RECORDED INFORMATION START

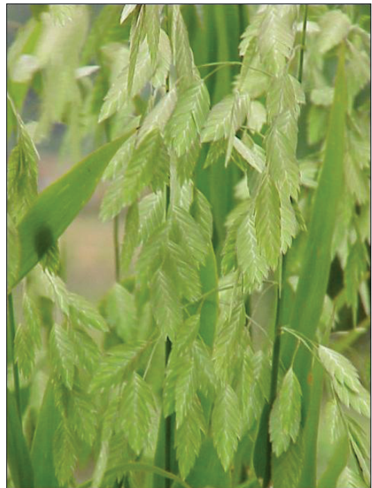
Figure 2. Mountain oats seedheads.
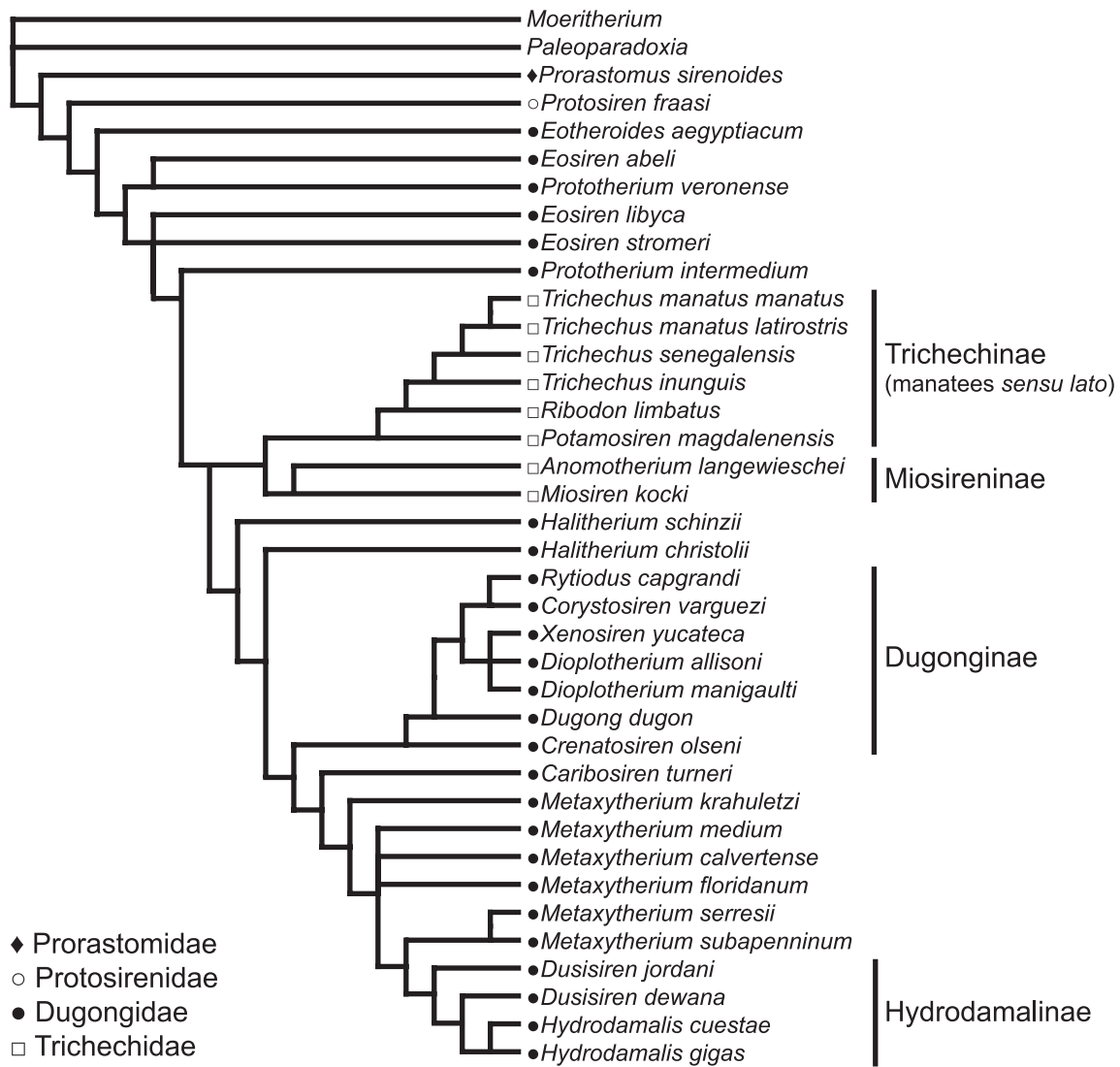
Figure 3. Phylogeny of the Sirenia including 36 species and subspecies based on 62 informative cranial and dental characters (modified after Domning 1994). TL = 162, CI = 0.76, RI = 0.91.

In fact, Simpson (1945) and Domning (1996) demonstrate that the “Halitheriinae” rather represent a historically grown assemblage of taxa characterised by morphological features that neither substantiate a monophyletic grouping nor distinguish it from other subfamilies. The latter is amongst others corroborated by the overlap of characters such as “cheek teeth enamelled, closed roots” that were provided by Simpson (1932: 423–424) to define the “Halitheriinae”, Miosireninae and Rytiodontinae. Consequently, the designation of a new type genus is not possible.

RECORDED INFORMATION END

Retype the listing exactly. Leave the pictures out.

SOLVED PROBLEM →
Figure 2. Mountain oats seedheads.
Figure 3. Phylogeny of the Sirenia including 36 species and subspecies based on 62 informative cranial and dental characters (modified after Domning 1994). TL = 162, CI = 0.76, RI = 0.91.

In fact, Simpson (1945) and Domning (1996) demonstrate that the “Halitheriinae” rather represent a historically grown assemblage of taxa characterised by morphological features that neither substantiate a monophyletic grouping nor distinguish it from other subfamilies. The latter is amongst others corroborated by the overlap of characters such as “cheek teeth enamelled, closed roots” that were provided by Simpson (1932: 423–424) to define the “Halitheriinae”, Miosireninae and Rytiodontinae. Consequently, the designation of a new type genus is not possible.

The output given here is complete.